The diversity-based approach to open-domain text summarization

  • Authors:
  • Tadashi Nomoto;Yuji Matsumoto

  • Affiliations:
  • National Institute of Japanese Literature, 1-16-10 Yutaka Shinagawa, Tokyo 142-8585, Japan;Nara Institute of Science and Technology, 8916-5 Takayama Ikoma, Nara 630-0129, Japan

  • Venue:
  • Information Processing and Management: an International Journal
  • Year:
  • 2003

Quantified Score

Hi-index 0.00

Visualization

Abstract

The paper introduces a novel approach to unsupervised text summarization, which in principle should work for any domain or genre. The novelty lies in exploiting the diversity of concepts in text for summarization, which has not received much attention in the summarization literature. We propose, in addition, what we call the information-centric approach to evaluation, where the quality of summaries is judged not in terms of how well they match human-created summaries but in terms of how well they represent their source documents in IR tasks such document retrieval and text categorization.
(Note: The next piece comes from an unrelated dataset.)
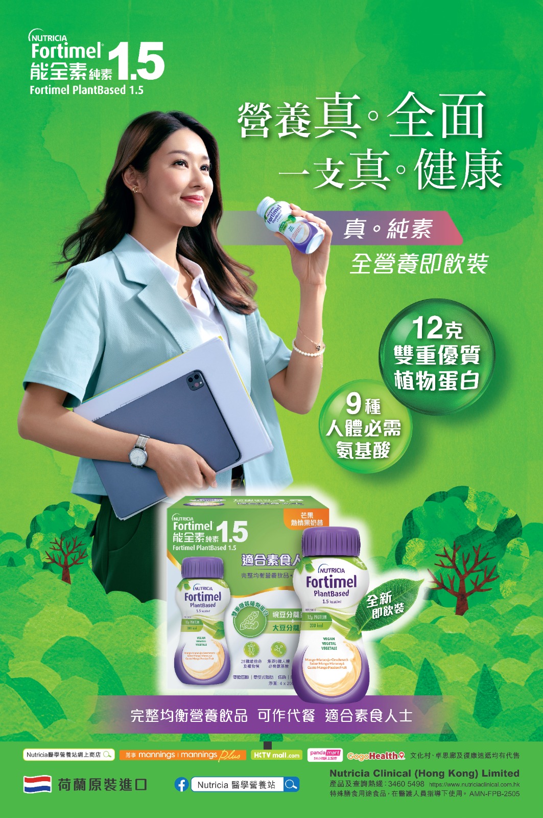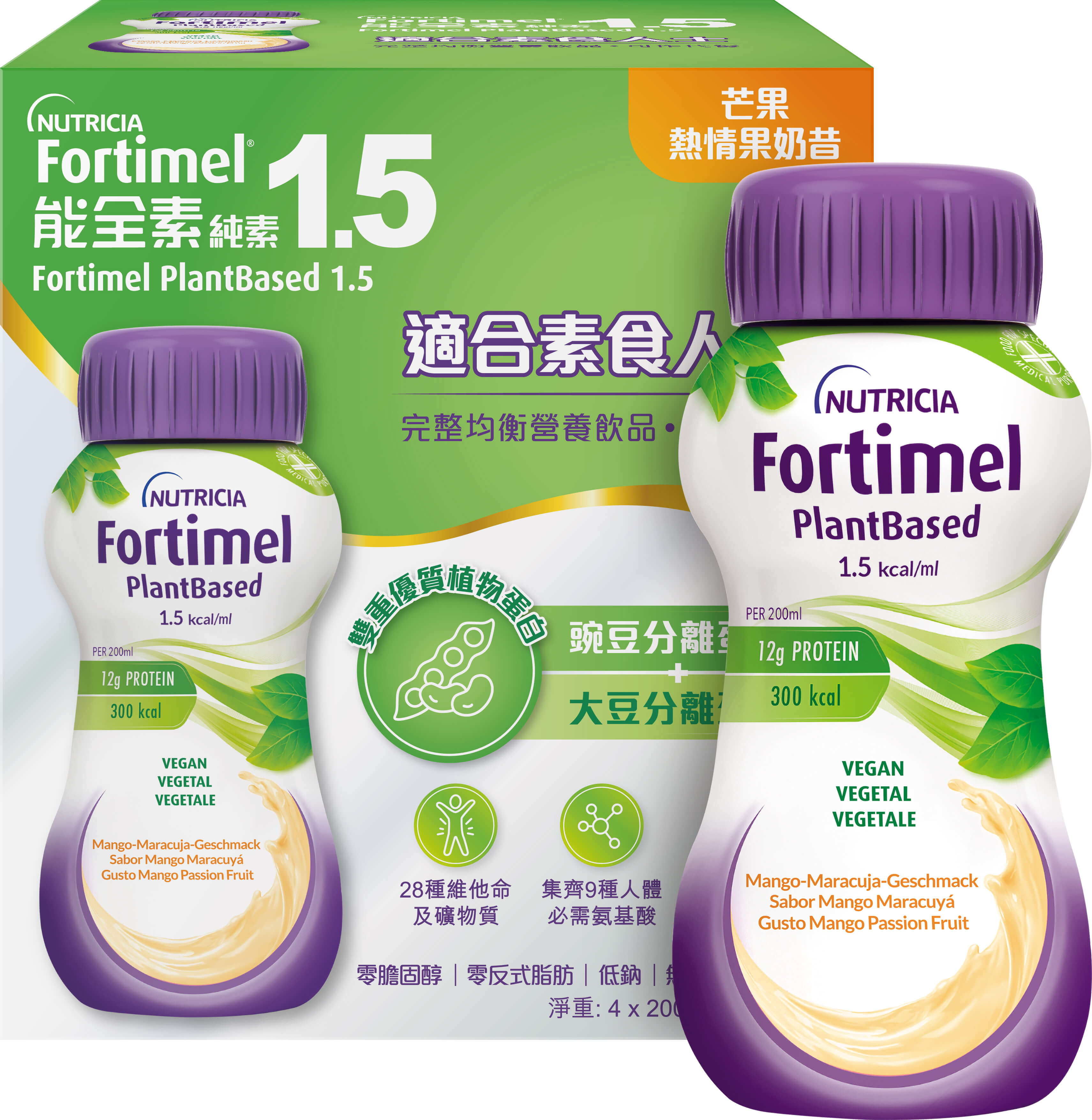 Fortimel PlantBased 1.5能全素純素1.5 由雙重優質植物蛋白(來自豌豆和大豆)製成,集齊九種人體必需氨基酸。配方採用全素成分,均來自非動物來源,並符合聯合國糧食及農業組織(FAO)2013年推薦的成人氨基酸參考模式,PDCAAS為11-3,表示其質量極高並完全滿足人體必需氨基酸需求及被人體消化吸收。

To find the effectiveness of our approach under the proposed evaluation scheme, we set out to examine how a system with the diversity functionality performs against one without, using the test data known as BMIR-J2. The results demonstrate a clear superiority of the diversity-based approach to a non-diversity-based approach.The paper also addresses the question of how closely the diversity approach models human judgments on summarization. We have created a relatively large volume of data annotated for relevance to summarization by human subjects. We have trained a decision tree-based summarizer using the data, and examined how the diversity method compares with the supervised method in performance when tested on the data. It was found that the diversity approach performs as well as and in some cases superior to the supervised method.